22/05/2025

Madeleine Pereira: "Não sabia nada de Portugal"

 


Chama-se Madeleine Pereira, é luso-descendente e uma das convidadas do Maia BD, que decorre no Fórum da Maia a partir de amanhã e até domingo.
Passou por Portugal há algumas semanas para participar no festival "A Arte de ser Migrante" e para promover o seu livro Borboleta (ASA).
Já a seguir encontram a versão integral da entrevista que serviu de base ao texto publicado no Jornal de Notícias a 27 de Abril último e também disponível online.


As Leituras do Pedro - Como é que nasceu este projeto?

Madeleine Pereira - Foi em 2019, candidatei-me para uma residência em Epinal, no Nordeste da França, e tinha que fazer um projeto de banda desenhada. Fiz três propostas e essa sobre Portugal foi aceite.

Mas, no início, também queria saber mais sobre a minha família, porque o meu pai foi para França em 1973, tinha 13 anos. Então, era um bom projeto para aprofundar essas questões e para fazer uma história sobre Portugal, porque na França, por exemplo, as pessoas não conhecem a história da ditadura em Portugal. Eu também não sabia nada. Sabia que tinha havido uma ditadura, mas não sabia qual e o que aconteceu.

Por isso, fiz o projeto para sensibilizar também os franceses sobre essas questões e, de um modo egoísta, para saber mais sobre a minha família.


As Leituras do Pedro - A escolha de uma banda desenhada foi sua?

Madeleine Pereira - Sim, sim, eu faço banda desenhada desde criança. Contar histórias do que me acontecia em banda desenhada, para mim era mais fácil.


As Leituras do Pedro - Foi fácil encontrar a sua imagem para se mostrar no livro? Desenhares-se a si própria?

Madeleine Pereira - Sim, porque há alguns anos que gosto de fazer banda desenhada sobre anedotas que me acontecem. Sou muito fácil a desenhar, porque eu tenho um grande nariz, sobrancelhas com pequeno espaço entre elas e o cabelo. Sou fácil de desenhar.

A minha personagem sou realmente eu. Tenho amigos que, quando leram o livro disseram: "Ah, eu ouço a tua voz na banda desenhada". Para mim é normal, também acontece quando leio as bandas desenhadas dos meus amigos.


As Leituras do Pedro - Entrevistou várias pessoas para contar a história delas. Quanto do que está no livro é verdadeiro e quanto é que foi ficcionado para a narrativa funcionar bem?

Madeleine Pereira - No início, eu queria fazer exatamente como as pessoas me contaram as suas histórias.

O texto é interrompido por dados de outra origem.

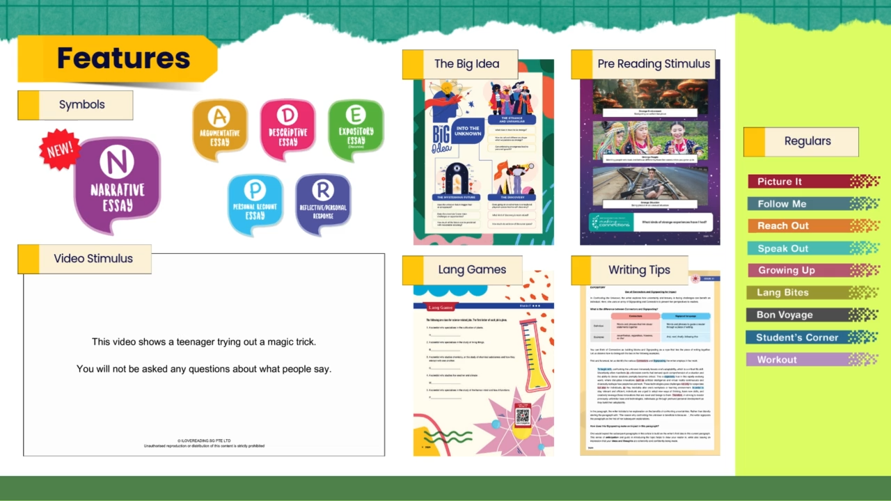 Developed by experienced educators aligned with the national-level exam formats and marking rubrics, Inspire is also a trusted English enrichment resource designed for secondary students preparing for exams like O-Levels, IGCSE, HKDSEE, or International Baccalaureate (IB). Each issue helps to build exam-ready skills through thought-provoking and relevant themes for teens, providing structured practice in: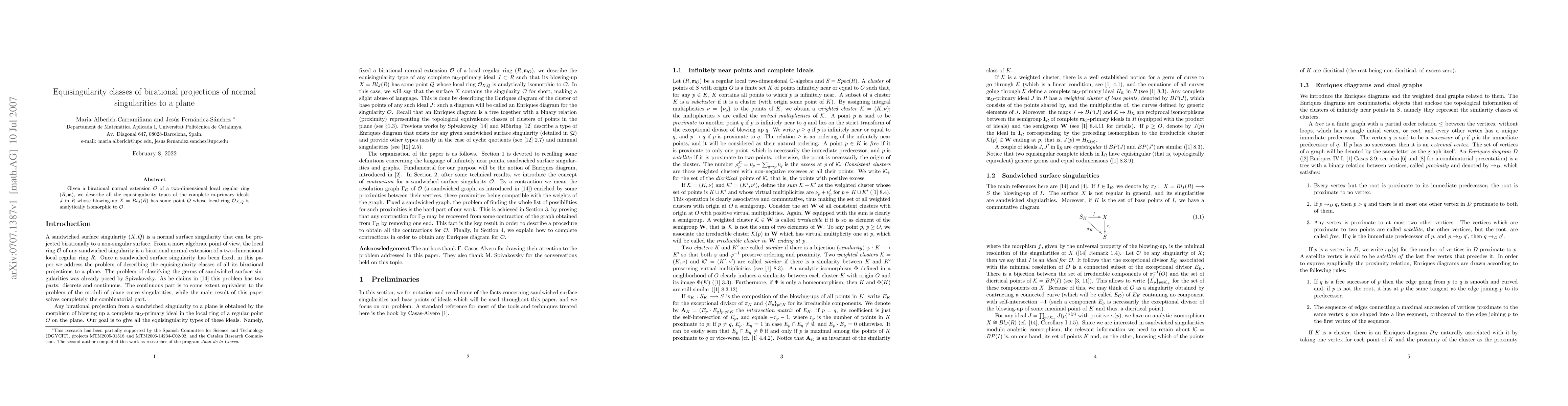 Given a birational normal extension S of a two-dimensional local regular ring R, we describe all the equisingularity types of the complete ideals J in R whose blowing-up has some point at which the local ring is analytically isomorphic to S. The problem of classifying the germs of such normal surface singularities was already posed by Spivakovsky (Ann. of Math. 1990). This problem has two parts: discrete and continous. The continous part is to some extent equivalent to the problem of the moduli of plane curve singularities, while the main result of this paper solves completely the discrete part.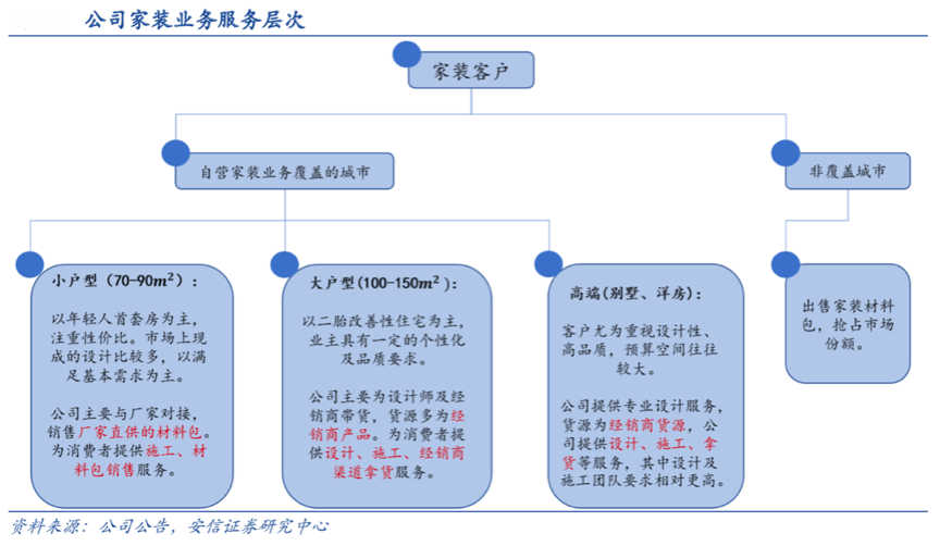 經(jīng)典案例:根據(jù)公司公告、安信證券研究中心等綜合資訊表明,紅星美凱龍的家裝服務(wù)精準(zhǔn)劃分客戶群,滿足消費(fèi)者相應(yīng)需求,主要以自營(yíng)的家裝服務(wù)來(lái)滿足客戶需求,公司采用設(shè)計(jì)師及工程隊(duì)包工頭為內(nèi)部人員,施工工人以外包形式獲得。目前公司家裝布局主要包括:提供全系列家裝服務(wù)的紅星·家倍得(成立于 2014 年)、紅星美凱龍網(wǎng)家裝平臺(tái)(成立于 2016 年),以及用于家裝設(shè)計(jì)的線上平臺(tái)——設(shè)計(jì)云。自 2019 年 下半年起,家裝業(yè)務(wù)進(jìn)入快速發(fā)展階段,全年(集中在下半年)家裝業(yè)務(wù)合 同金額近 32 億元,實(shí)現(xiàn)銷售及家裝收入 5.69 億元,家裝服務(wù)獲得了大發(fā)展。

Mas, por exemplo, o Nuno é a terceira personagem da história. No fim, quando ele passa a fronteira com a mãe e as irmãs, ele bebe água das vacas.


As Leituras do Pedro - Sim, sim. A água que as vacas que pisavam, sim.

Madeleine Pereira - Isso, por exemplo é é outras histórias que outras pessoas me contaram.

Também há uma história sobre uma mulher que foi presa, é ficção. Acrescentei porque queria que cada personagem contasse um ponto da ditadura. Com essa personagem, queria que falasse mais da PIDE e das torturas. Fui ao Museu do Aljube para recolher informações e depois fiz a mistura. Mas, enfim, as pessoas que estão na banda desenhada são quase o que me contaram. Não misturei tanto assim, só detalhes. A minha tia, por exemplo, é 100% verdadeira.


As Leituras do Pedro - Ao fazer as entrevistas, ao procurar informação no Museu do Aljube, o que é que a impressionou mais? Era um Portugal que desconhecia completamente, ou quase completamente. O que é que a marcou mais?

Madeleine Pereira - Muitas coisas. Lembro-me que quando eu estava a trabalhar sobre a história da minha tia, o livro era mais orientado para abordar as mulheres durante a ditadura. E quando fui para o Museu do Aljube, havia uma exposição temporária sobre as mulheres durante a resistência. Falava das Três Marias. E eu aprendi muito. O pior, acho que é quando as pessoas contam a história delas, porque é muito emocionante, mas também há muito sofrimento. Era complicado. Aprendi que as mulheres estavam dependentes do pai, e depois dos irmãos, e depois do marido. Então, não tinham direitos nenhuns.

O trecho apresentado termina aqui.